» WHAT TO PRODUCE
Would you transcribe the whole listing exactly and drop its images?

» SUPPLIED INFORMATION
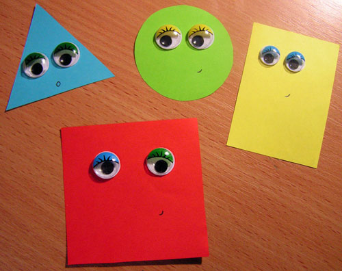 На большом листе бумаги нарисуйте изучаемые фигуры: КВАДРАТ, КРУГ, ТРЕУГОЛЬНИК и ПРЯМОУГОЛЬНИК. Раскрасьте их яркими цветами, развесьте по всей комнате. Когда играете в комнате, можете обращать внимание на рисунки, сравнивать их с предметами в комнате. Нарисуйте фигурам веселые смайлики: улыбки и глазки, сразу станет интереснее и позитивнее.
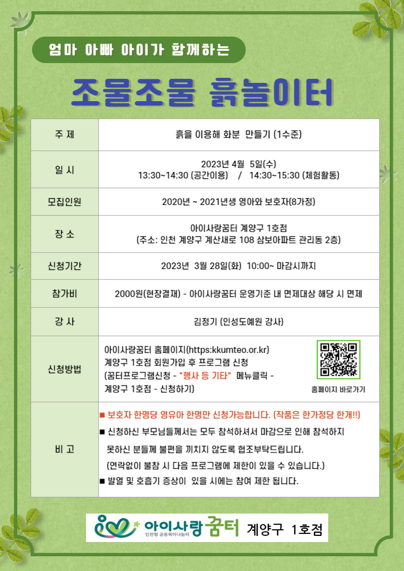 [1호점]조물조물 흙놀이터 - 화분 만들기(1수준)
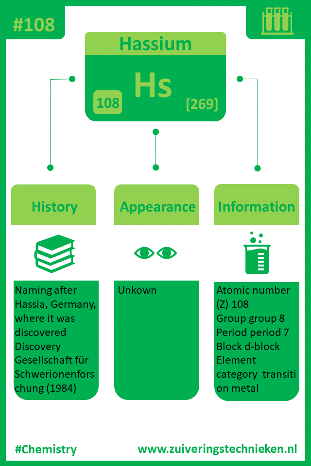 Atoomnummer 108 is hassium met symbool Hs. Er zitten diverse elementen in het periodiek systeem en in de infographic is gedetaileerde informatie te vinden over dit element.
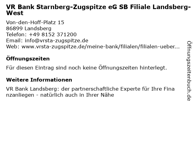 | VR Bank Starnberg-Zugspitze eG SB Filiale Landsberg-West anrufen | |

» SOLVED EXERCISE
 На большом листе бумаги нарисуйте изучаемые фигуры: КВАДРАТ, КРУГ, ТРЕУГОЛЬНИК и ПРЯМОУГОЛЬНИК. Раскрасьте их яркими цветами, развесьте по всей комнате. Когда играете в комнате, можете обращать внимание на рисунки, сравнивать их с предметами в комнате. Нарисуйте фигурам веселые смайлики: улыбки и глазки, сразу станет интереснее и позитивнее.
 [1호점]조물조물 흙놀이터 - 화분 만들기(1수준)
 Atoomnummer 108 is hassium met symbool Hs. Er zitten diverse elementen in het periodiek systeem en in de infographic is gedetaileerde informatie te vinden over dit element.
 | VR Bank Starnberg-Zugspitze eG SB Filiale Landsberg-West anrufen | |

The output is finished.